2) We then have another copy of LLM – the unfrozen model, the LLM itself, and the reward model and try to match the logits similar to the value function but also keeping in mind the KL divergence of the frozen model.
3) We also add a bit of exploration factor, so that model can retain the creativity.
4) We then sample a list of trajectory, then consider on running rewards, not changing the past rewards and then compute the rewards, while comparing the rewards with the reward when most average action is taken, to get the sense of the gradient of increasing rewards wrt trajectories.

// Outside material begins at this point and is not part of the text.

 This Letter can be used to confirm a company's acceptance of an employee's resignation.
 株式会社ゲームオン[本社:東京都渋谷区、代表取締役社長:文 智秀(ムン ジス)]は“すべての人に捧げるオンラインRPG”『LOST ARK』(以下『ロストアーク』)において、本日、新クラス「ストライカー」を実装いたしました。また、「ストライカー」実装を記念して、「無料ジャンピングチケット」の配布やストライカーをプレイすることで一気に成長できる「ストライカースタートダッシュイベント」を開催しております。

In the end, we will have a model which is not so different from the original model but prioritizes trajectories with higher values.

@YKeon-ff4fw

8 months ago

Could you please explain why in the formula mentioned at the 39-minute mark in the bottom right corner of the video, the product operation ranges from t=0 to T-1, but after taking the logarithm and differentiating, the range of the summation becomes from t=0 to T? 🙂

@tk-og4yk

8 months ago

Amazing as always. I hope your channel keeps growing and more people learn from you. I am curious how we can use this optimized model to give it prompts and see what it comes up with. Any advice how to do so?

@arijaa.9315

8 months ago

I can not thank you enough! It is clear how much effort you put for such high quality explanation. Great explanation as usual!!

@nishantyadav6341

8 months ago

The fact that you dig deep into the algorithm and code sets you apart from the overflow of mediocre AI content online. I would pay to watch your videos, Umar. Thank you for putting out such amazing content.

@zhouwang2123

8 months ago

Thanks for your work and sharing, Umar! I learn new stuff from you again!
Btw, does the KL divergence play a similar role as the clipped ratio to prevent the new policy from far away from the old one? Additionally, unlike actor-critic in RL, here it looks like the policy and value functions are updated simultaneously. Is this because of the partially shared architecture and out of the computational efficiency?